Cutting module, cutting is carried out to target telephone number strings to be identified suitable for each detection digit is respectively adopted,
Obtain cutting result;
Completion module, suitable for according to the cutting result, optimized detection position is chosen from described at least two detection digits
Several number series that digit is specified to described first carry out completion.
B13, the device according to B12, wherein, the cutting module is further adapted for:
For each detection digit, using the detection digit to target telephone number strings to be identified, described first
Specify the telephone number strings after the number series of digit to carry out cutting, obtain the first cutting number and the second cutting number;
Compare the first cutting number and the second cutting number, it is determined that number identical position on both correspondence positions
Number, as cutting result corresponding to the detection digit.
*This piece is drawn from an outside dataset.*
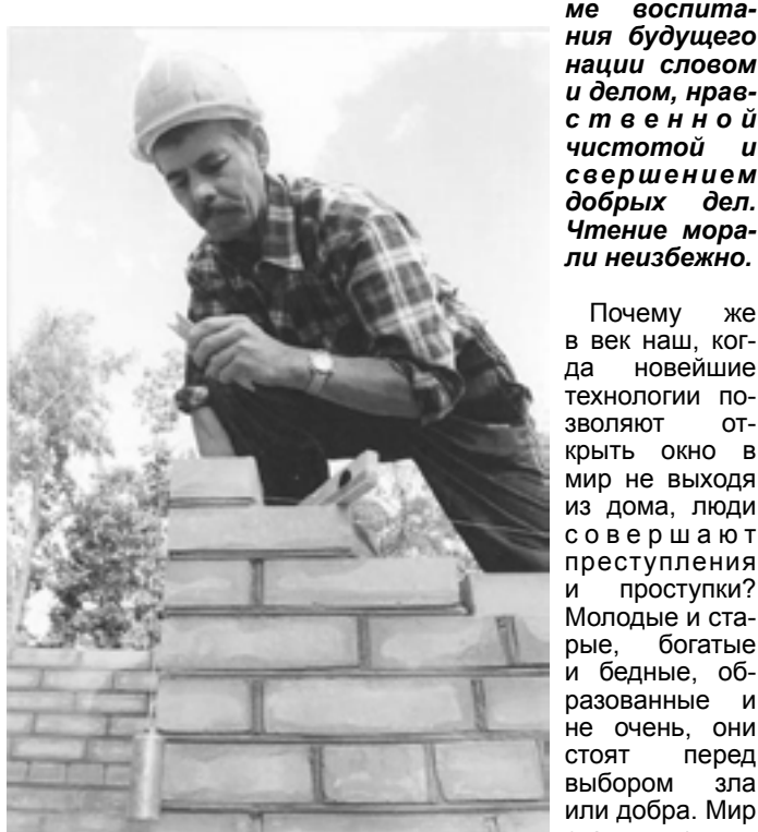
Работа каменщика сродни деятельности историка - все, что они сделали, соприкасается с жизнью множества людей, и много лет. Как мастер, так и след.

Сегодня многих из нас волнует вопрос нравственного здоровья общества, его духовного оздоровления. Он заставляет возвращаться к напечатанному, сказанному, показанному вновь и вновь. Современная ортехника позволяет получать необходимую информацию в автономном режиме не только родителям, ученым, политикам и общественным деятелям, но и подросткам, радикалам и авантюристам. Естественно, в большинстве случаев делается акцент на проблеме и воспитании подрастающего поколения.

B14, the device according to B12 or B13, wherein, the completion module is further adapted for:
Compare number identical digit corresponding to each detection digit;
From each detection digit, that chooses corresponding number identical digit maximum is used as optimized detection digit;
To optimized detection digit described in the described first number series completion for specifying digit.
B15, the device according to any one of B12-B14, wherein,
The division module, if being further adapted for the judge module judges that first specifies the number series of digit not meet the first kind
The attributive character of other telephone number, then the new division rule for meeting phone number format is chosen to target phone to be identified
Number series re-starts division, obtains the second number series for specifying digit;
The judge module, it is further adapted for judging that described second specifies whether the number series of digit meets second category phone number
The attributive character of code;
The completion module, if being further adapted for the judge module judges that described second specifies the number series of digit to meet second
The attributive character of classification telephone number, then according to the attributive character of the second category telephone number, to second specific bit
Several number series carries out completion.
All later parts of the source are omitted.